Looking for a well balanced portfolio, I've always tried to pick good funds in the Large, Mid, and Small Cap categories based on the fund's objective. Lately, this has become difficult to accomplish. In the latest WSJ Quarterly Mutual Fund Report, Lipper now rates the Janus Triton Fund (JANIX) as a Mid-Cap Growth, where formerly it was Small-Cap. It also rates the Janus Enterprise (JAENX) as an All-Cap Growth, where formerly it was Mid-Cap.
I'm not going to rebalance my portfolio because fund managers can't adhere to objectives, or Lipper uses their own criteria, but I'm wondering if my approach to diversity is too simplistic? Rather than Large-Mid-Small, should I be using other categories? I'm interested in your opinions. Thanks.
Comments
Regards,
Ted
https://www.google.com/finance?q=NYSEARCA:ITOT&ei=oF_pUfCbMMSerAHZzAE
Of course this puts you in the position of trying to out guess your fund managers but that's for another discussion.
ITOT is a great idea, although I would prefer VTI which is slightly less expensive and has a much higher average daily trading volume. The mutual fund equivalent of VTI is VTSMX/VTSAX/VITSX.
Kevin
Investor: No, I wasn't aware of the change of managers. Are you suggesting dumping the fund, or just paying careful attention thru the next few quarters?

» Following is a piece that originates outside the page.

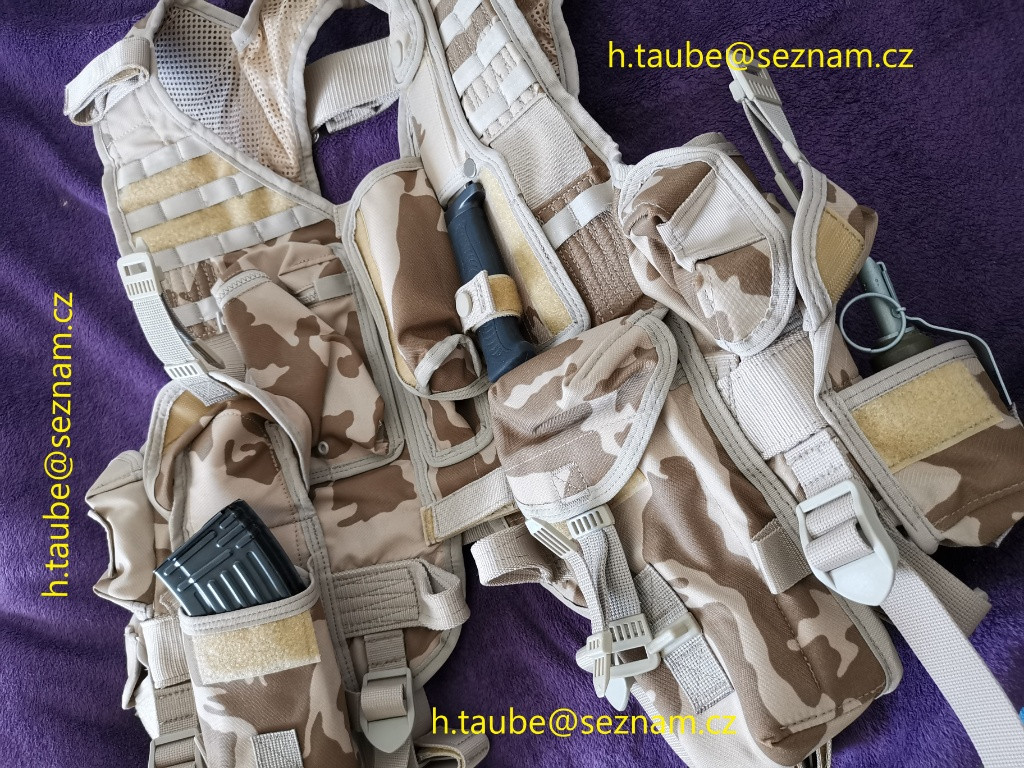 Prodám taktické vesty od SPM Liberec vyrobené pro AČR zahraniční mise v pouštním prostředí. Ve vestě je integrovaný slaňovací systém,2x sumka na 2 zásobníky pro sa58/AK a podobné.Dvě granátové sumky,pouzdro na nůž a další kapsy na nesení výstroje. Vesty jsou nové ještě nevybalené přímo od výrobce.Kvalitní zpracování pro vojenské použití,žádná laciná napodobenina.Pokud máte neprůstřelnou vestu bez sumek,tak tuhle vestu nahodíte přez neprůstřelku nebo můžete nosit jen na oblečení.Vesta se dobře nosí s batohem,velikost nastavitelná univerzální. Cena za kus 2000kč + Zásilkovna,k prodeji cca 10 kusů

Ted is correct if you are trying for a balanced US portfolio, but Kdow has the costs figured. I have ridden "good" funds up and down and sometimes up again long enough to believe that the only managers who (occasionally) earn their fees have the latitude to switch styles and markets at will.

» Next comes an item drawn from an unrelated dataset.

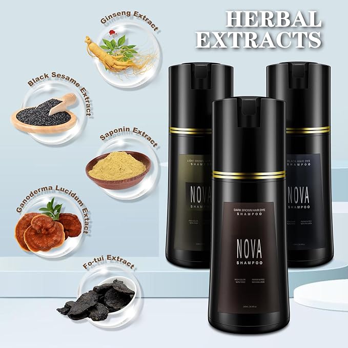 - 【Safe and Effective】:Nova Shampoo Color Shampoo 3 in 1,rich in Natural Botanical Formulation, Our hair color is different from traditional hair dyes, free of parabens and harsh chemicals. Dark brown/black hair color can be used not only as a hair dye but also as a shampoo and conditioner. It is very convenient to dye your hair black at home.

Almost all posters here are market timers, but some are still in the closet. Considering how few managers consistently out-perform the index over time (few of mine have; and, as investor points out, they often leave to make more money - and the source of that money is you, of course), you either have to trust "go anywhere" managers (probably best reserved for "non-core" funds) or look at the P/E ratios of various market segments (including non-US) and decide if you have the courage to 'buy the unloved" in an index (probably not emerging markets or foreign small caps, though), which usually works if you live long enough.